Николай Иванович так расстроился, что на его честные глаза навернулись слезы. Он отер их платком и с ненавистью посмотрел на расстроенную жену.
– Мне кажется, за нами следят, – тихо предупредила я и общим страхом тотчас восстановила мир в добром семействе.
– Где? Где следят? Кто следит? – всполошились Барановы и столкнулись головами в тесном заднем окошке.
– А может быть, и не следят, – с сомнением сказала я, – вон человек скачет верхом на лошади. Как узнаешь, следит он за нами или нет?
Так мы и ехали до самой квартиры Барановых на Каменном острове. Жили они в просторном съемном флигеле с детьми и слугами. Уложив Николая Ивановича в постель, я сразу же собралась идти «устраивать свою жизнь», но Елена Даниловна, запутанная капризами мужа, принялась меня умолять ненадолго у них остаться. Пришлось ей объяснить, что мне нужно срочно сменить военную форму и купить себе штатскую одежду, чтобы запутать преследователей.
– Так зачем вам покупать? – тотчас нашла она выход из положения. – У нашего старшенького много платья, которое ему уже мало, а вам будет в самый раз! Останьтесь, голубчик, хоть до вечера, Николай Иванович при вас почти не капризничает! Что вам потерять день ради спокойствия такого достойного человека!
Относительно «достойности» Баранова я усомнилась, но польстилась на возможность переодеться без ущерба своему тощему кошельку. Елена Даниловна тотчас приказала служанке принести старое платье старшего сына, и мы с ней начали подбирать мне платье.
Скоро я оказалась экипирована почти на все случаи жизни, во всяком случае, одежды мне должно было хватить до осенних холодов. Она была ношенная, не последней моды, зато теперь я вполне соответствовала образу сына небогатого священника.

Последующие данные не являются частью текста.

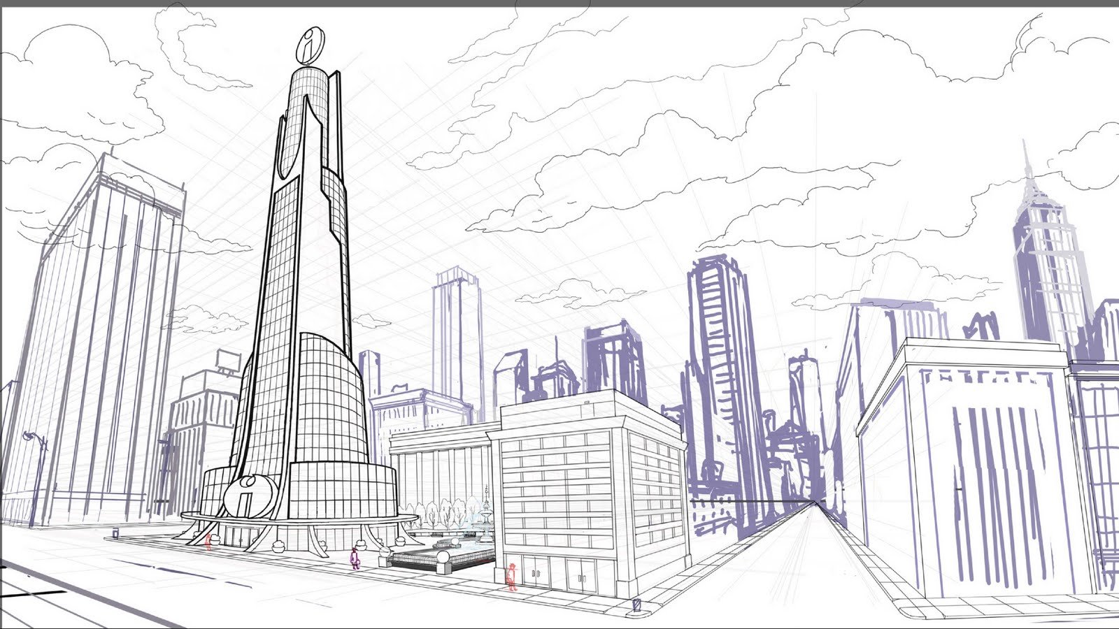 Les bâtiments de l'arrière-plan doivent être plus petits que ceux de l'avant-plan. Les bâtiments les plus hauts seront les plus beaux ici. Dessinez des trottoirs et des voies piétonnes entre les bâtiments.

Единственно проблемой оставались длинные волосы. Носить военный парик, под которым я их прятала, при штатском платье было нельзя, а стричься мне очень не хотелось. Поэтому, решила пока остаться в мундире.
Только я успела переодеться в военную форму, как к Барановым приехал Воронцов. Оказалось, что он был ранним утром у Щербатовой, узнал у нее о наших ночных приключениях и прискакал удостовериться, что со мной все в порядке. Как почти все родовые дворяне, состоявшие друг с другом в родстве или свойстве, он кем-то приходился Барановыми и его визит к ним не был неприличен.
Мишу радушно приняли, и три раза кряду рассказали о великом подвиге Николая Ивановича, один на один сражавшегося с целой бандой разбойников. Воронцов вежливо слушал, восхищался героическим Барановым, но сам думал исключительно обо мне и нетерпеливо ждал, когда мы останемся хоть ненадолго, наедине. Я сначала решила, что у него насчет меня какие-то неприличные планы, но скоро поняла, что к нежностям его нетерпение не имеет прямого отношения… Пока же визит протекал вяло, Барановы все никак не могли наговориться, а Миша при своем хорошем воспитании не умел прервать их болтовню.
– Когда я вдруг увидел во мраке ночи страшную харю разбойника, – в четвертый раз принялся рассказывать Николай Иванович, – будто вспышка молнии осветила мое сознание! Кругом были одни женщины, и только я один мог ценой своей жизни послужить им защитой и утешением! Тогда я вспомнил, что на груди у меня таится пистолет, заряженный заговоренной пулей…
– Вот именно! – перебила я Баранова. – Михаил Семенович должен мне непременно показать, как нужно стрелять заговоренными пулями!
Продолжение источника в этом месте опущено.